(WHAT THE EXERCISE ASKS): Your answer must be a word-for-word copy of the listing below, minus its pictures.

(PROVIDED DATA):

Segment Open

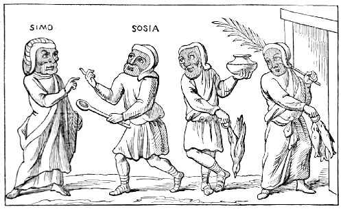 | ORIGIN OF THE STAGE IN ROME—USES OF THE MASK AMONG THE ROMANS—SCENES FROM ROMAN COMEDY—THE SANNIO AND MIMUS—THE ROMAN DRAMA—THE ROMAN SATIRISTS—CARICATURE—ANIMALS INTRODUCED IN THE CHARACTERS OF MEN—THE PIGMIES, AND THEIR INTRODUCTION INTO CARICATURE; THE FARM-YARD; THE PAINTER’S STUDIO; THE PROCESSION—POLITICAL CARICATURE IN POMPEII; THE GRAFFITI | 23 |
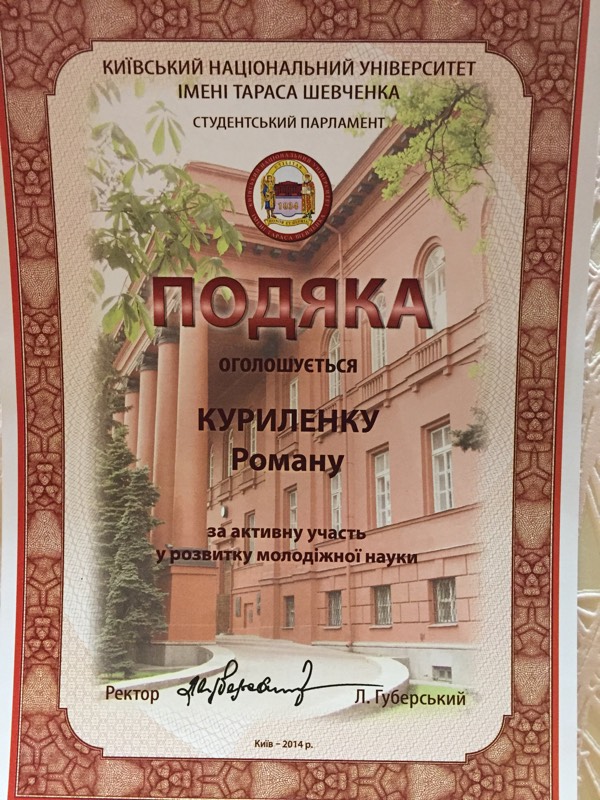Учасник всеукраїнських учнівських олімпіад та міжнародних студентських турнірів з природничо-наукових дисциплін. Аспірант КНУ імені Тараса Шевченка.
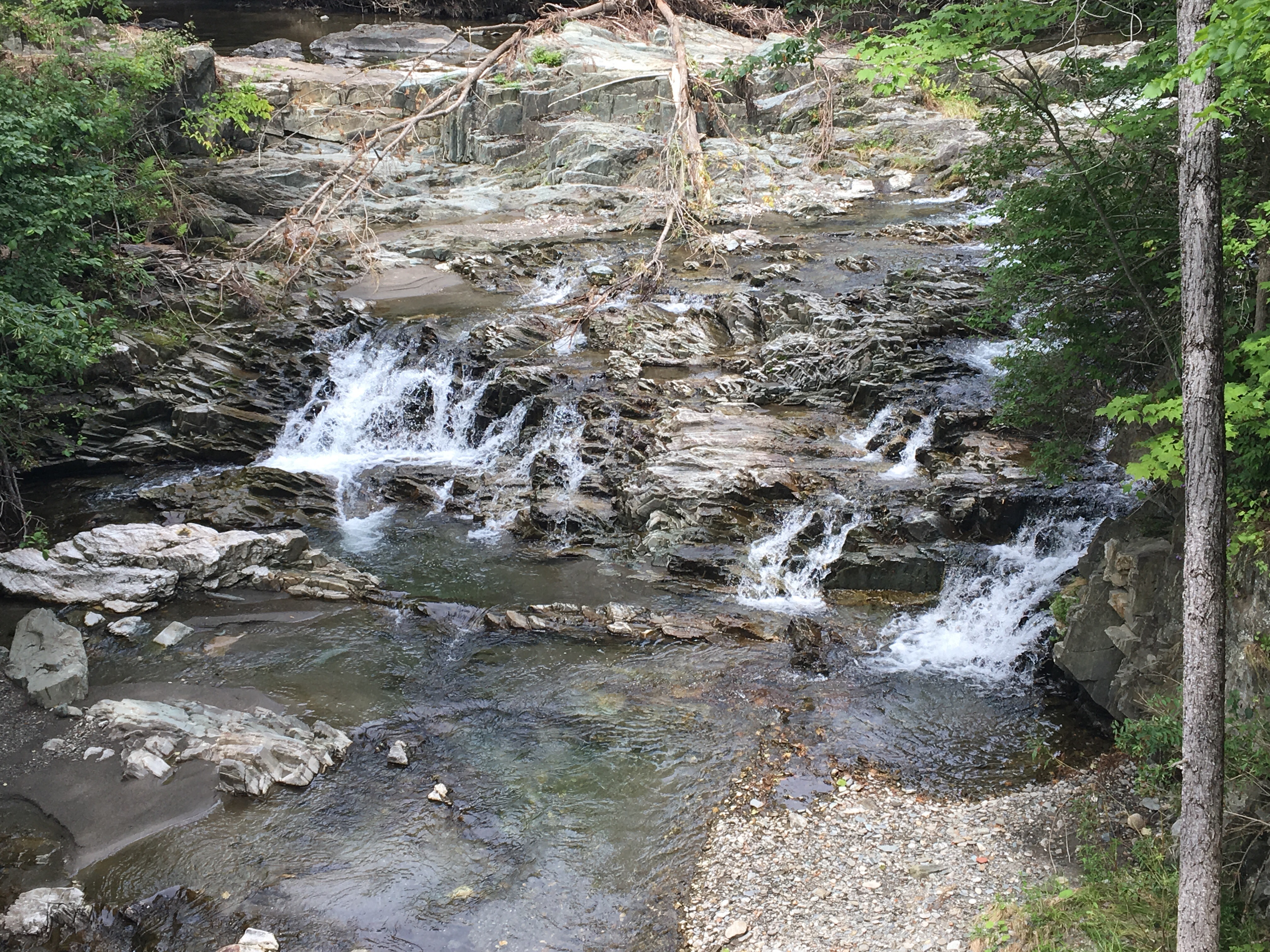 The road walk to the Connecticut River and the NH border is another 3+ miles, and the pavement is rough on the feet. It crossed a bridge going over a brook with a cool waterfall.

Segment Closed

(YOUR SOLUTION):
 | ORIGIN OF THE STAGE IN ROME—USES OF THE MASK AMONG THE ROMANS—SCENES FROM ROMAN COMEDY—THE SANNIO AND MIMUS—THE ROMAN DRAMA—THE ROMAN SATIRISTS—CARICATURE—ANIMALS INTRODUCED IN THE CHARACTERS OF MEN—THE PIGMIES, AND THEIR INTRODUCTION INTO CARICATURE; THE FARM-YARD; THE PAINTER’S STUDIO; THE PROCESSION—POLITICAL CARICATURE IN POMPEII; THE GRAFFITI | 23 |
Учасник всеукраїнських учнівських олімпіад та міжнародних студентських турнірів з природничо-наукових дисциплін. Аспірант КНУ імені Тараса Шевченка.
 The road walk to the Connecticut River and the NH border is another 3+ miles, and the pavement is rough on the feet. It crossed a bridge going over a brook with a cool waterfall.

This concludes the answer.